▸ The task:
Could each entry below be written out exactly, with every picture dropped?

▸ Exercise materials:
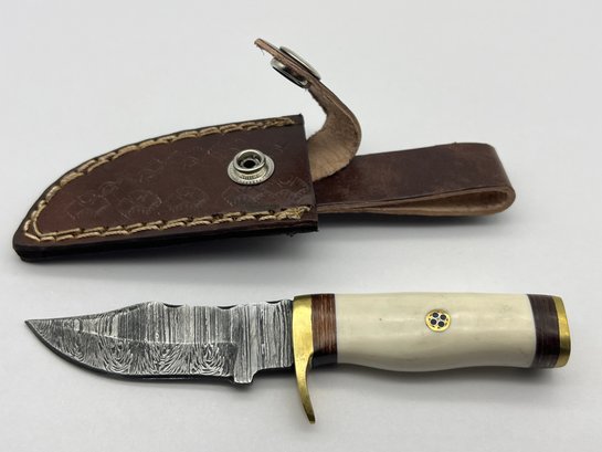NEW Damascus 6 Fixed Blade Knife W/ Leather Sheath
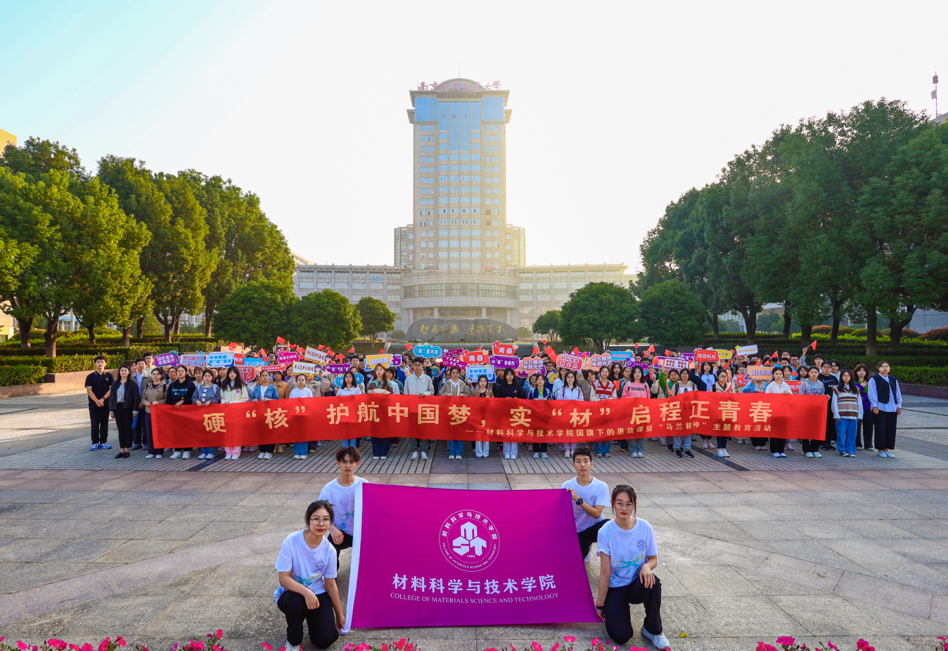 江苏省“挑战杯”红色专项活动一等奖获奖团队“马兰之声”四名成员在国旗下做“云腾大漠上,花绽马兰盛”主题诗朗诵。“马兰之声”实践团队跨越3600公里,辗转48个小时,奔赴新疆,追寻那座名为“马兰”的精神地标。五十九年前的今天,马兰人为祖国献上惊天动地的重礼。五十九年后的今天,材料学子在“马兰之声”团队的带领下,面向五星红旗庄严宣誓:干惊天动地事,做隐姓埋名人。传承红色基因,放飞蓝色梦想。努力成为马兰精神实践者,争做材料强国接班人!
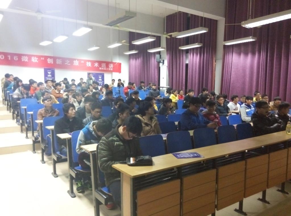 举办微软创新杯这个全球性的赛事已经成为了软件学院的特色,去年腾飞社团的For Our Dream团队开发的The Future Home作品获得了中国区三等奖的佳绩,被录入了刘颖老师主编的2015微软创新杯作品集里面。今年的微软创新之旅活动现场火爆,李海波老师的讲解也让参与活动的同学了解了这个比赛,也激发了同学们参加这个比赛的兴趣。在抽奖环节幸运的同学也获得了微软提供的精品礼品。
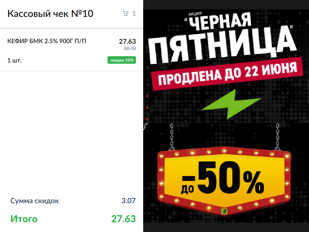 - Отображение окна "Спасибо за покупку" и рекламы после закрытия чека:
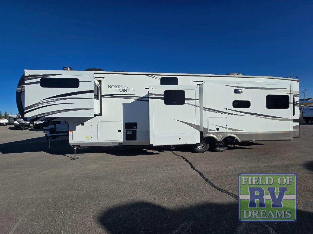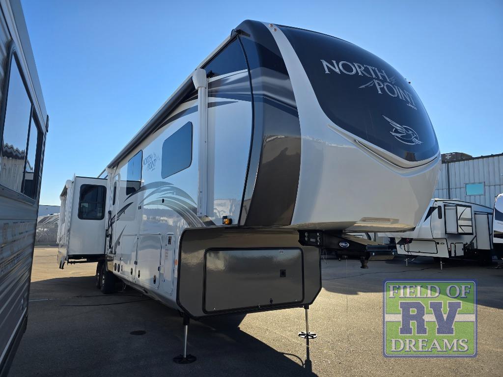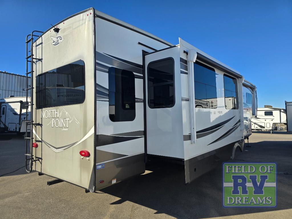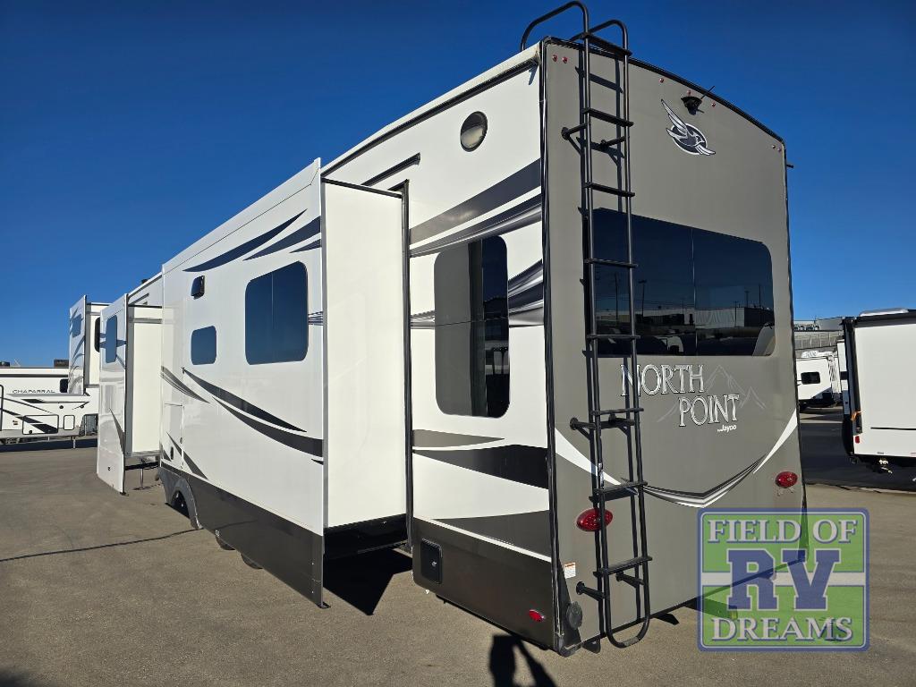 These Jayco North Point fifth wheels offer sleeping spaces and luxurious features to accommodate all types and sizes of groups! You will have generations of family fun with construction features like the Stronghold VBL™ aluminum framed, vacuum bond laminated walls and a Magnum Truss™ XL6™ roof system with a one-piece, seamless DiFlex II material which is the strongest tested roof in the industry. There are three mandatory packages to make your traveling experience even better. One of the packages is a five star handling package which includes Dexter axles with Nev-R-Adjust brakes, Dexter heavy-duty shackles with wet bolt fasteners and bronze bushings to resist the wear and tear of towing, Goodyear beast tires, a MORryde rubberized suspension system, and a MORryde pin box so you can travel forward, backward, and side-to-side for a smoother tow. Come choose your favorite model today!
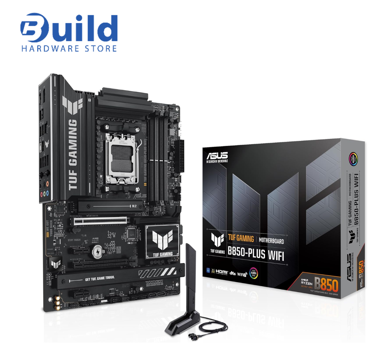 The ASUS B850 TUF PLUS WIFI is a next-gen AMD AM5 motherboard with PCIe 5.0, DDR5 support, and Wi-Fi 7 for fast and reliable performance.
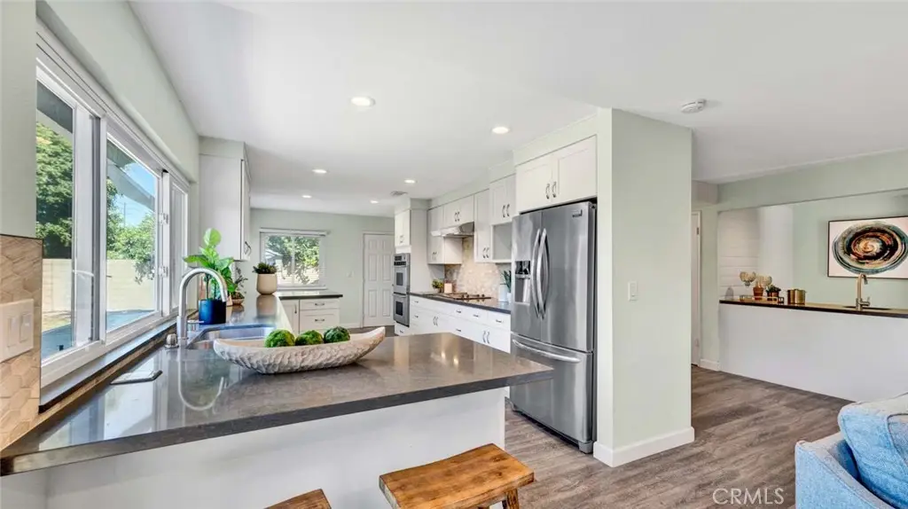 Beautifully upgraded spacious 4-Bedroom, 2.5 Bathroom Westhaven Home nestled on an interior lot in the most desirable tract in Westminster on the border of Fountain Valley, close to Mile Square Park. It boasts 2,778 square feet of open flowing living space with modern upgrades throughout, including: central A/C, dual pane windows, wood laminate flooring, extensive recessed lighting, ceiling fans, and remodeled kitchen and bathrooms. It features gorgeous curb appeal with a 3 car garage, manicured landscaping, and custom hardscape. Take the walkway to the double entry doors that open to showcase the bright open flowing first level that includes an elegant formal living room, formal dining room, family room with an entertainer's wet bar, fireplace, and breakfast nook that open to the gourmet kitchen that boasts Quartz countertops, a breakfast bar, stainless appliances (double ovens, gas cooktop, microwave niche, dishwasher), and white shaker soft-closing cabinetry. There are 4 large bedrooms, including a luxurious primary suite with walk-in closet, spacious ensuite bathroom with dual sinks & a walk-in shower. Step through dual pane sliding glass doors to the expansive park-like backyard that is extremely private with no one living behind, block wall fencing, lawn, and large patio that is perfect for outdoor BBQ's, entertaining, and relaxing in your own private oasis. Additional highlights include an inside laundry room, guest bath with dual sinks, and a direct access 3-car garage with a large driveway. Enjoy outdoor living just steps away from Cloverdale Park and within walking distance to Mile Square Park, with nearby shopping, dining, and recreation. This is a rare opportunity to own a spacious, move-in-ready home in one of Westminster's most sought-after neighborhoods.

▸ Your solution:
NEW Damascus 6 Fixed Blade Knife W/ Leather Sheath
 江苏省“挑战杯”红色专项活动一等奖获奖团队“马兰之声”四名成员在国旗下做“云腾大漠上,花绽马兰盛”主题诗朗诵。“马兰之声”实践团队跨越3600公里,辗转48个小时,奔赴新疆,追寻那座名为“马兰”的精神地标。五十九年前的今天,马兰人为祖国献上惊天动地的重礼。五十九年后的今天,材料学子在“马兰之声”团队的带领下,面向五星红旗庄严宣誓:干惊天动地事,做隐姓埋名人。传承红色基因,放飞蓝色梦想。努力成为马兰精神实践者,争做材料强国接班人!
 举办微软创新杯这个全球性的赛事已经成为了软件学院的特色,去年腾飞社团的For Our Dream团队开发的The Future Home作品获得了中国区三等奖的佳绩,被录入了刘颖老师主编的2015微软创新杯作品集里面。今年的微软创新之旅活动现场火爆,李海波老师的讲解也让参与活动的同学了解了这个比赛,也激发了同学们参加这个比赛的兴趣。在抽奖环节幸运的同学也获得了微软提供的精品礼品。
 - Отображение окна "Спасибо за покупку" и рекламы после закрытия чека:
 These Jayco North Point fifth wheels offer sleeping spaces and luxurious features to accommodate all types and sizes of groups! You will have generations of family fun with construction features like the Stronghold VBL™ aluminum framed, vacuum bond laminated walls and a Magnum Truss™ XL6™ roof system with a one-piece, seamless DiFlex II material which is the strongest tested roof in the industry. There are three mandatory packages to make your traveling experience even better. One of the packages is a five star handling package which includes Dexter axles with Nev-R-Adjust brakes, Dexter heavy-duty shackles with wet bolt fasteners and bronze bushings to resist the wear and tear of towing, Goodyear beast tires, a MORryde rubberized suspension system, and a MORryde pin box so you can travel forward, backward, and side-to-side for a smoother tow. Come choose your favorite model today!
 The ASUS B850 TUF PLUS WIFI is a next-gen AMD AM5 motherboard with PCIe 5.0, DDR5 support, and Wi-Fi 7 for fast and reliable performance.
 Beautifully upgraded spacious 4-Bedroom, 2.5 Bathroom Westhaven Home nestled on an interior lot in the most desirable tract in Westminster on the border of Fountain Valley, close to Mile Square Park. It boasts 2,778 square feet of open flowing living space with modern upgrades throughout, including: central A/C, dual pane windows, wood laminate flooring, extensive recessed lighting, ceiling fans, and remodeled kitchen and bathrooms. It features gorgeous curb appeal with a 3 car garage, manicured landscaping, and custom hardscape. Take the walkway to the double entry doors that open to showcase the bright open flowing first level that includes an elegant formal living room, formal dining room, family room with an entertainer's wet bar, fireplace, and breakfast nook that open to the gourmet kitchen that boasts Quartz countertops, a breakfast bar, stainless appliances (double ovens, gas cooktop, microwave niche, dishwasher), and white shaker soft-closing cabinetry. There are 4 large bedrooms, including a luxurious primary suite with walk-in closet, spacious ensuite bathroom with dual sinks & a walk-in shower. Step through dual pane sliding glass doors to the expansive park-like backyard that is extremely private with no one living behind, block wall fencing, lawn, and large patio that is perfect for outdoor BBQ's, entertaining, and relaxing in your own private oasis. Additional highlights include an inside laundry room, guest bath with dual sinks, and a direct access 3-car garage with a large driveway. Enjoy outdoor living just steps away from Cloverdale Park and within walking distance to Mile Square Park, with nearby shopping, dining, and recreation. This is a rare opportunity to own a spacious, move-in-ready home in one of Westminster's most sought-after neighborhoods.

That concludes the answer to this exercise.